▶ **INSTRUCTIONS TO FOLLOW**
Unless it is a picture, every line from the start of the entries through the line with "Lenjerie pat dublu, FINET, 6" must be retyped exactly.

▶ **PROVIDED INFORMATION**

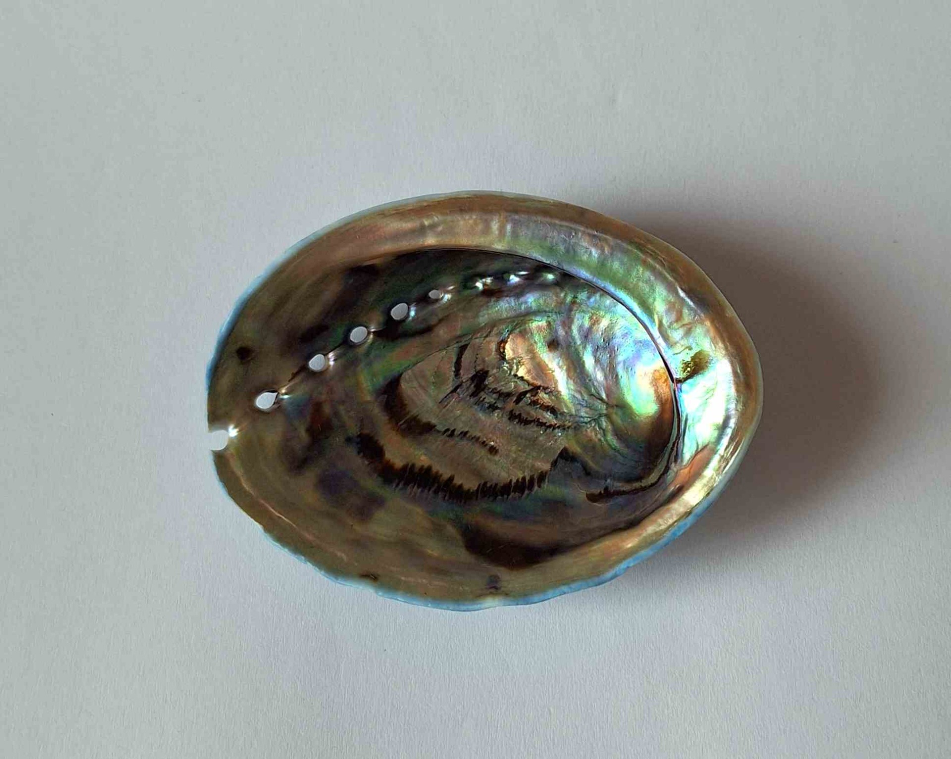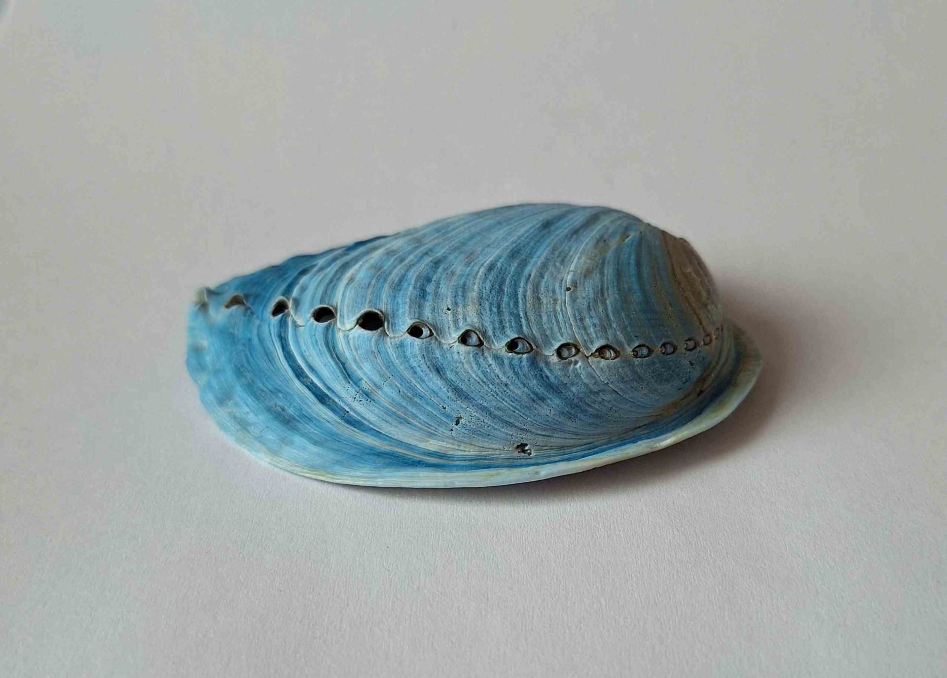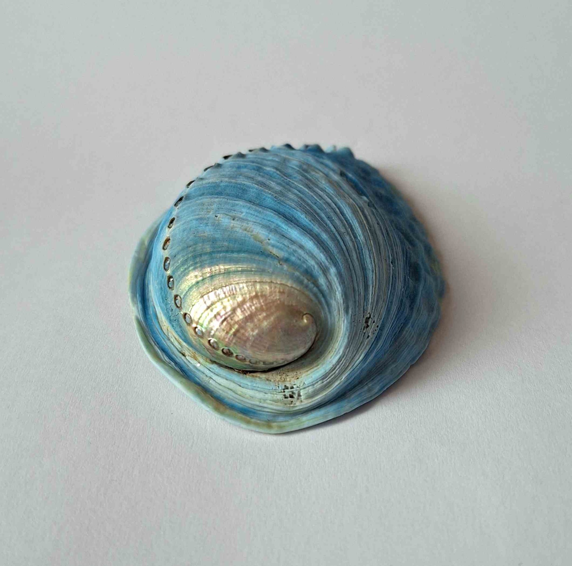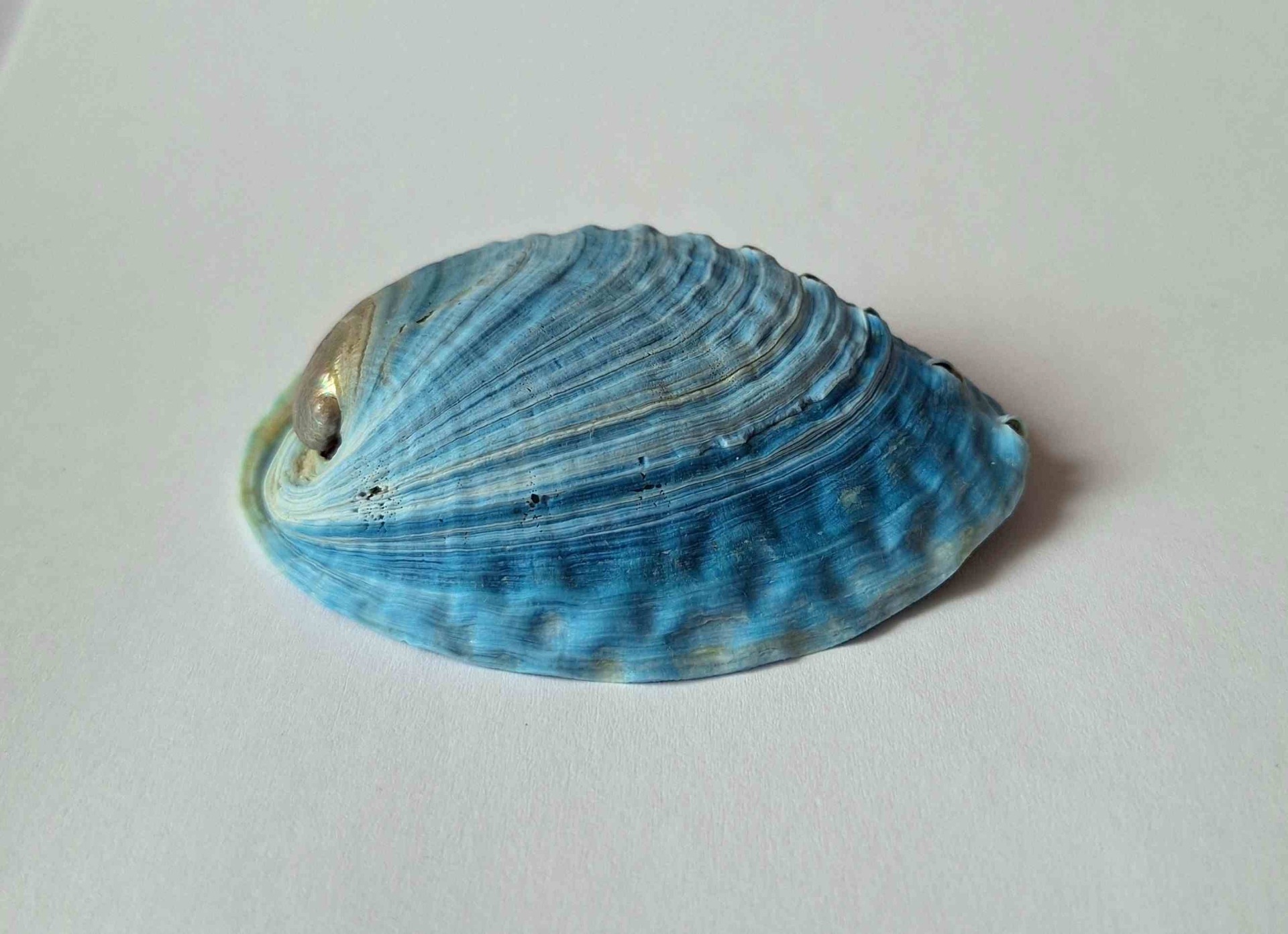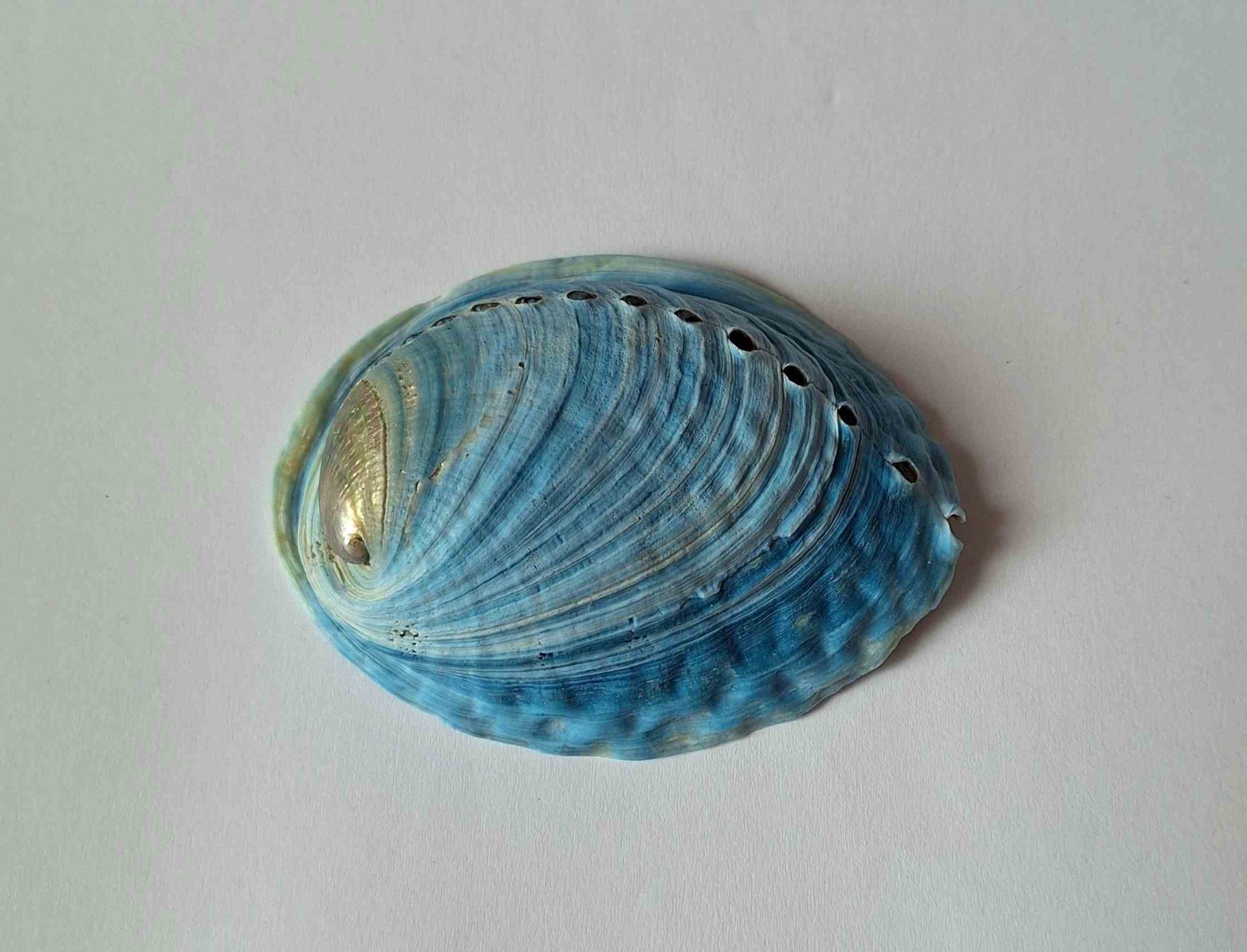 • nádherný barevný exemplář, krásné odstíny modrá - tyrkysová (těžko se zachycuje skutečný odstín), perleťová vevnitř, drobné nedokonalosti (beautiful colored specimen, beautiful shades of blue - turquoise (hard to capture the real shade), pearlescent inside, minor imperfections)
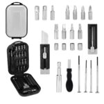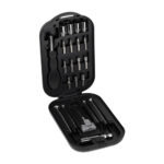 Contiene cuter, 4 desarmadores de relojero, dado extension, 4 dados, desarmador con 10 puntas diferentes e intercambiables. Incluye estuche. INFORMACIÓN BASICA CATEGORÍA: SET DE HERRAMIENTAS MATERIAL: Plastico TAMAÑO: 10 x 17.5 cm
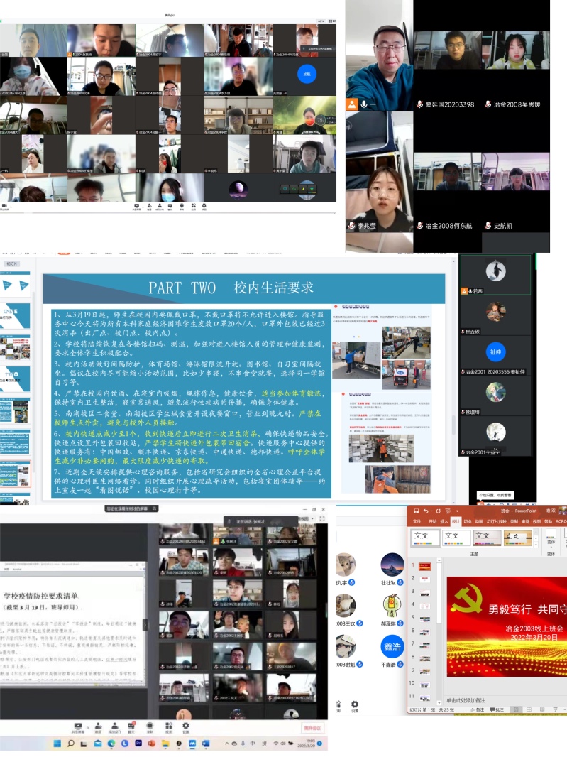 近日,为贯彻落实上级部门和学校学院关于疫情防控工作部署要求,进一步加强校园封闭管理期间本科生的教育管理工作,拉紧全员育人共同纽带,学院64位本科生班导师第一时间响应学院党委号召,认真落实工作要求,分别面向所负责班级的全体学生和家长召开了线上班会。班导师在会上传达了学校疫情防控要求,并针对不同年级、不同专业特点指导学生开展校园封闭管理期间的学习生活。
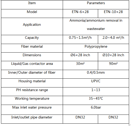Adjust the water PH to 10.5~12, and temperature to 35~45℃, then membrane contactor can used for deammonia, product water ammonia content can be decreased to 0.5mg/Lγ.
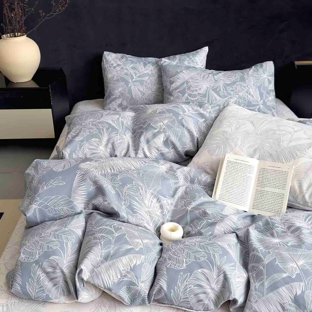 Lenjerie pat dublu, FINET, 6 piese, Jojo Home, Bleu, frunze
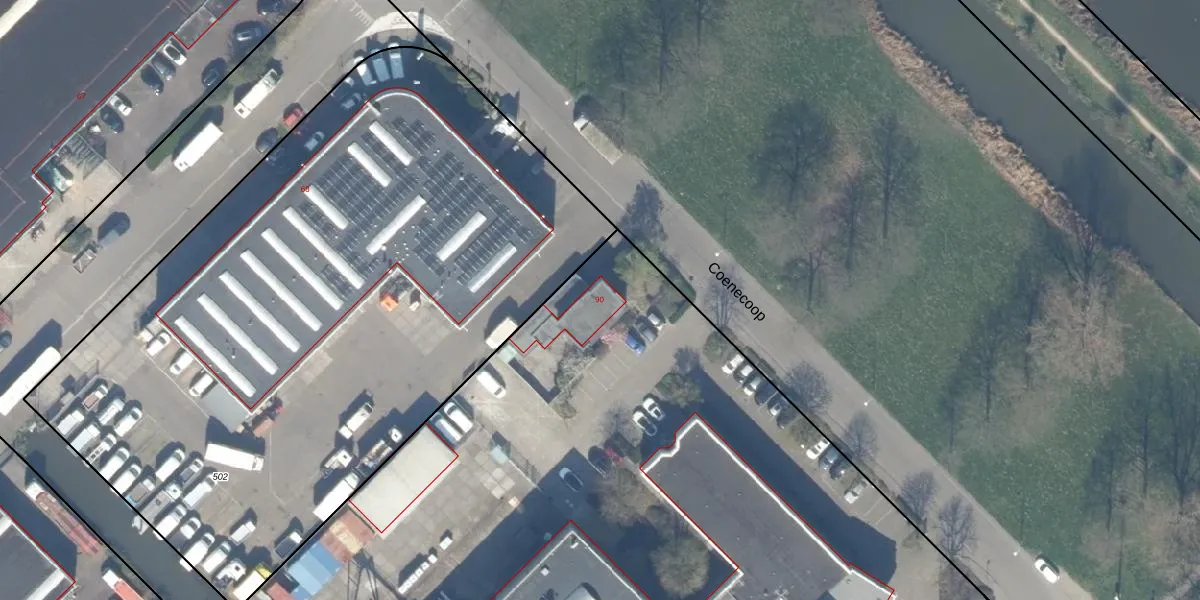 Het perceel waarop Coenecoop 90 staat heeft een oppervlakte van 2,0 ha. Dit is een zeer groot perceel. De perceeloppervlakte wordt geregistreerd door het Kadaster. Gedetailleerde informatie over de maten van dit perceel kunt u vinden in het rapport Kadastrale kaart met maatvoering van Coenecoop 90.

▶ **THE ANSWER**
 • nádherný barevný exemplář, krásné odstíny modrá - tyrkysová (těžko se zachycuje skutečný odstín), perleťová vevnitř, drobné nedokonalosti (beautiful colored specimen, beautiful shades of blue - turquoise (hard to capture the real shade), pearlescent inside, minor imperfections)
 Contiene cuter, 4 desarmadores de relojero, dado extension, 4 dados, desarmador con 10 puntas diferentes e intercambiables. Incluye estuche. INFORMACIÓN BASICA CATEGORÍA: SET DE HERRAMIENTAS MATERIAL: Plastico TAMAÑO: 10 x 17.5 cm
 近日,为贯彻落实上级部门和学校学院关于疫情防控工作部署要求,进一步加强校园封闭管理期间本科生的教育管理工作,拉紧全员育人共同纽带,学院64位本科生班导师第一时间响应学院党委号召,认真落实工作要求,分别面向所负责班级的全体学生和家长召开了线上班会。班导师在会上传达了学校疫情防控要求,并针对不同年级、不同专业特点指导学生开展校园封闭管理期间的学习生活。
Adjust the water PH to 10.5~12, and temperature to 35~45℃, then membrane contactor can used for deammonia, product water ammonia content can be decreased to 0.5mg/Lγ.
 Lenjerie pat dublu, FINET, 6 piese, Jojo Home, Bleu, frunze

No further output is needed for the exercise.